Ici la place est faite au béton qui à son tour dessine, sculpte une croix dans le ciel de la crypte. Regardez bien le petit carré au centre, c'est l'ouverture que l'on voit au centre du cercle sur la carte postale précédente. La crypte est donc bien sous le cylindre de l'autel.
Le béton brut ici est parfait, un rien gras parfois entre les planches de son coffrage. Ses défauts sont ceux aimés des pierres de taille et procurent couleurs, ombres et matières dans une grande rusticité nécessaire au lieu. Superbe.
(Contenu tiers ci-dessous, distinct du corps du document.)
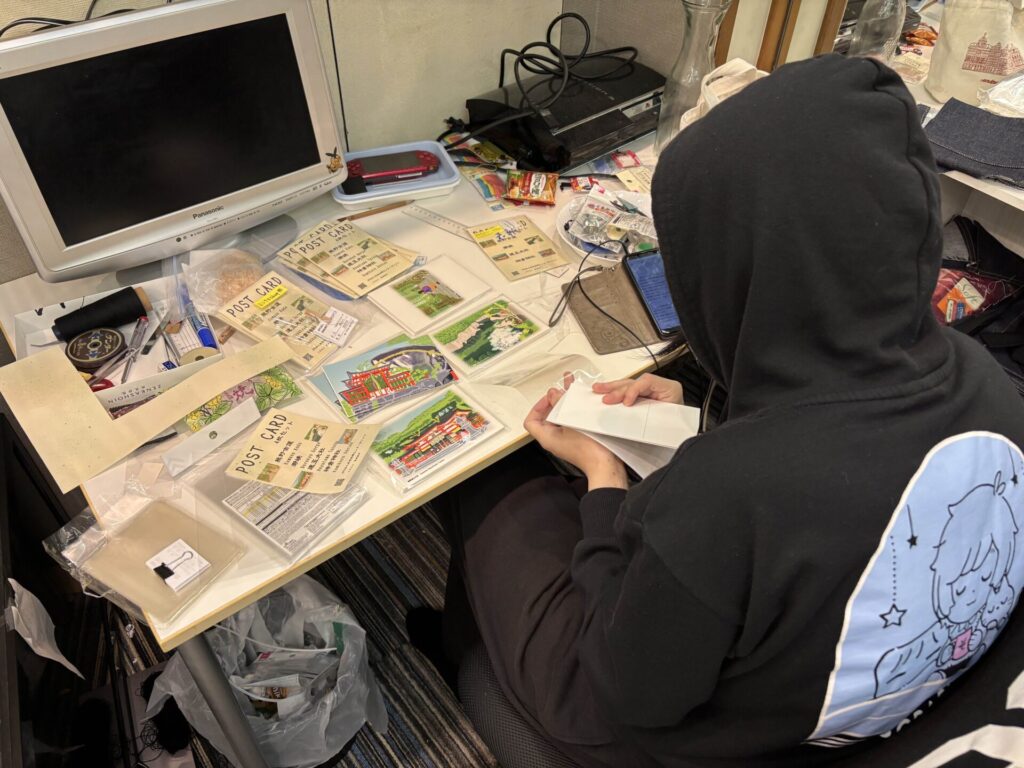 ヨリドコオリジナルのご当地ポストカードを袋に入れていきます

Le petit autel (? ) est magnifique et son point d'interrogation fort intriguant.
Merci Monsieur Marol.
Beaucoup plus rare maintenant et surtout disparue :


Nous sommes au Québec devant ce qui fut l'église St Marcel de Chibouganau considérée longtemps comme une merveille de l'architecture moderne.
Ça c'est l'éditeur qui le dit.
Et le ton est donné car l'église fut bel et bien détruite en 1998.
Je ne sais pas pourquoi. Le feu qui couve sous la glace ?
Pourtant quelle merveille non ?
Elancée et large, puissante sur sa base comme fendue, un peu trop marquée d'un mouvement de tremplin de ski, cette église est tout de même un sacré (!) morceau.
Difficile de comprendre sa structure et de lire le plan mais il semble qu'il pourrait bien y avoir là aussi de belles prouesses.
Alors si un cousin québécois peut nous renseigner. Les architectes de cette beauté disparue furent Saint-Gelais, Tremblay et Tremblay.
Une petite chose :


Nous sommes à Saint Gervais les bains, au Bettex devant la Chapelle Bettex-Taguy.
La carte postale nous montre l'édifice presque caché complètement par la neige qui s'accroche à son toit tout de triangles. On devine une belle petite chose qui malheureusement ici manque un peu de lisibilité.
Mais j'aime le triangle blanc jouant avec les triangles du toit.
Les éditions de l'Europe ne nous donnent pas le nom de l'architecte.
C'est bien dommage mais cette modestie rejoint celle de la construction.